### Data provided:
^^^^^^^^^^^^^^^^
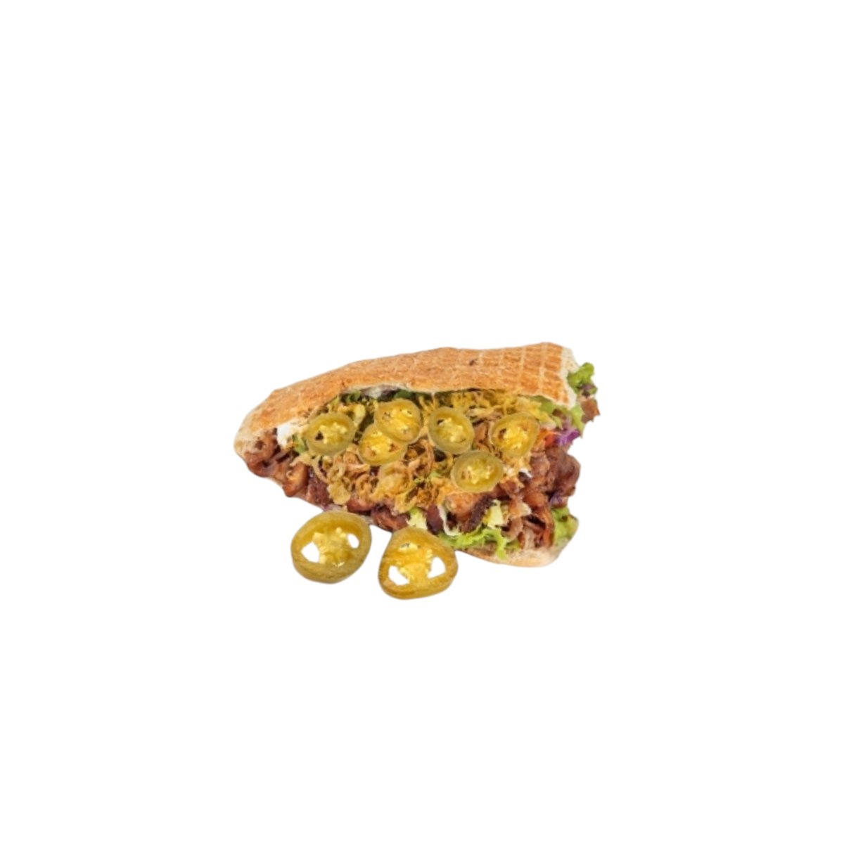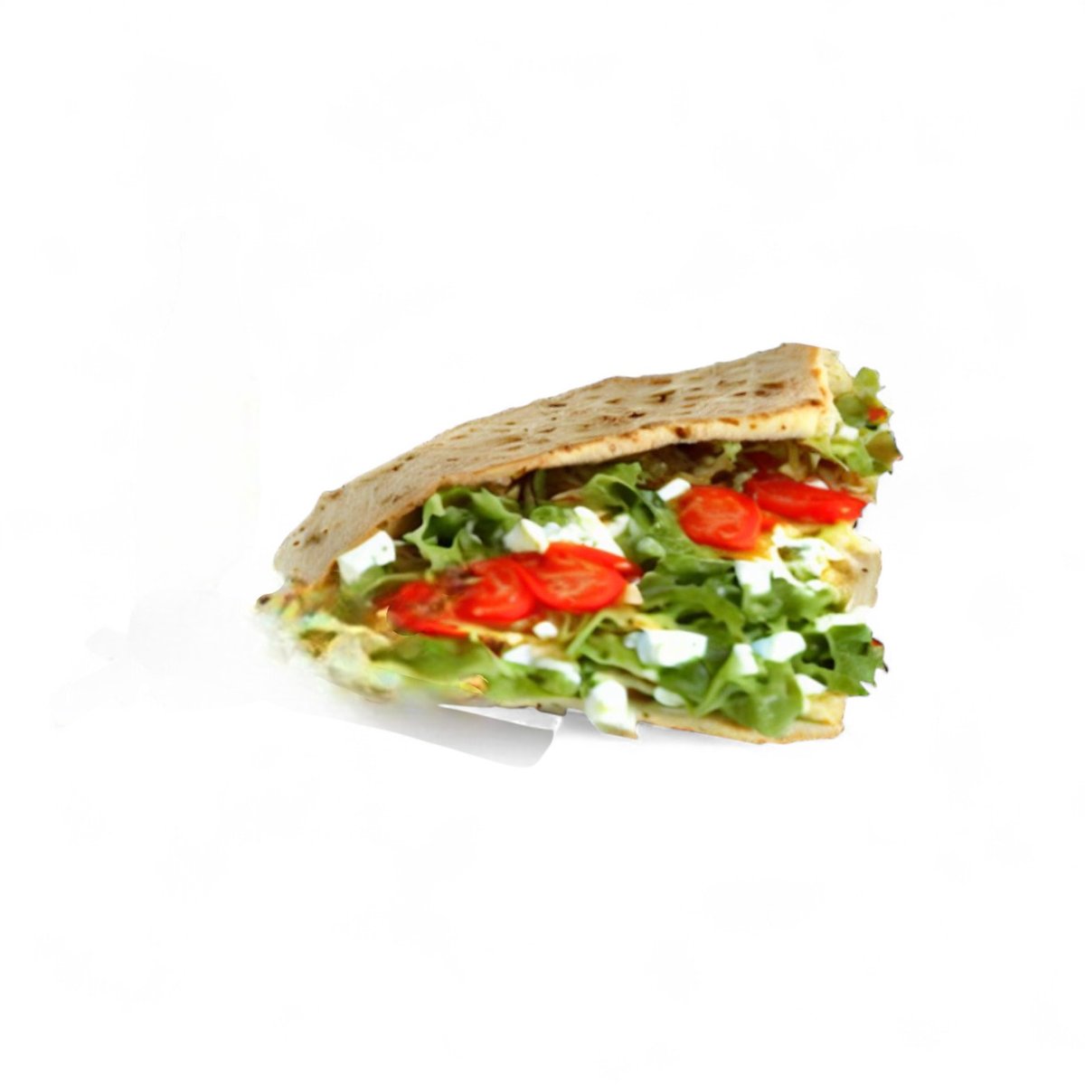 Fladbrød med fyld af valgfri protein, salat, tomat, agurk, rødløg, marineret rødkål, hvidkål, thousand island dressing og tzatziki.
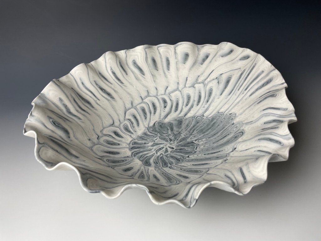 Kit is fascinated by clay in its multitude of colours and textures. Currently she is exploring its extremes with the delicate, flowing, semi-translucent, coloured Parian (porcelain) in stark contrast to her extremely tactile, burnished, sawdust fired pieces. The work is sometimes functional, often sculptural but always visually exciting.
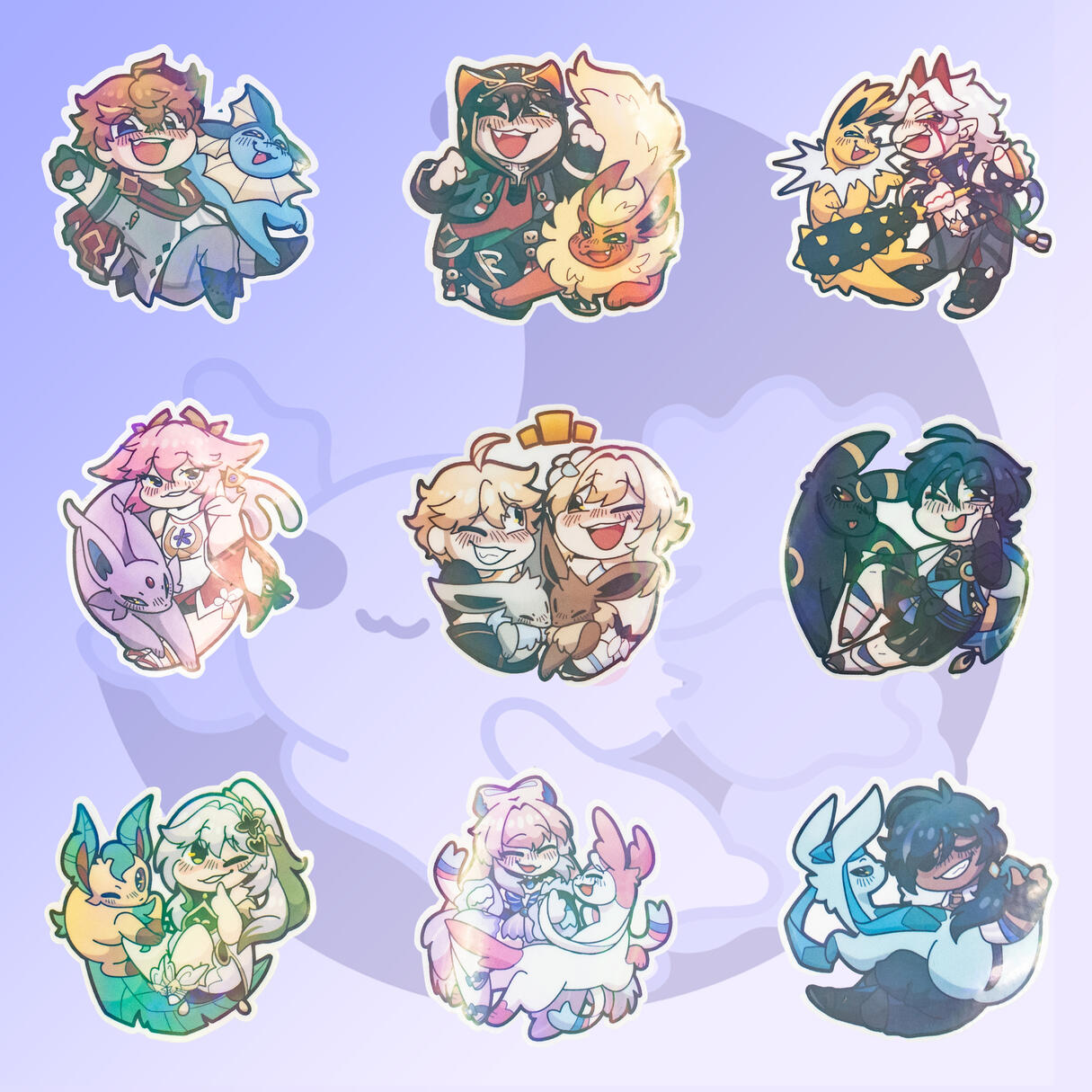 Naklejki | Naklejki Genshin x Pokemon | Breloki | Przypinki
^^^^^^^^^^^^^^^^
### What the task requires:
Retype the data word for word, please, and keep the images out.

### Response:
 Fladbrød med fyld af valgfri protein, salat, tomat, agurk, rødløg, marineret rødkål, hvidkål, thousand island dressing og tzatziki.
 Kit is fascinated by clay in its multitude of colours and textures. Currently she is exploring its extremes with the delicate, flowing, semi-translucent, coloured Parian (porcelain) in stark contrast to her extremely tactile, burnished, sawdust fired pieces. The work is sometimes functional, often sculptural but always visually exciting.
 Naklejki | Naklejki Genshin x Pokemon | Breloki | Przypinki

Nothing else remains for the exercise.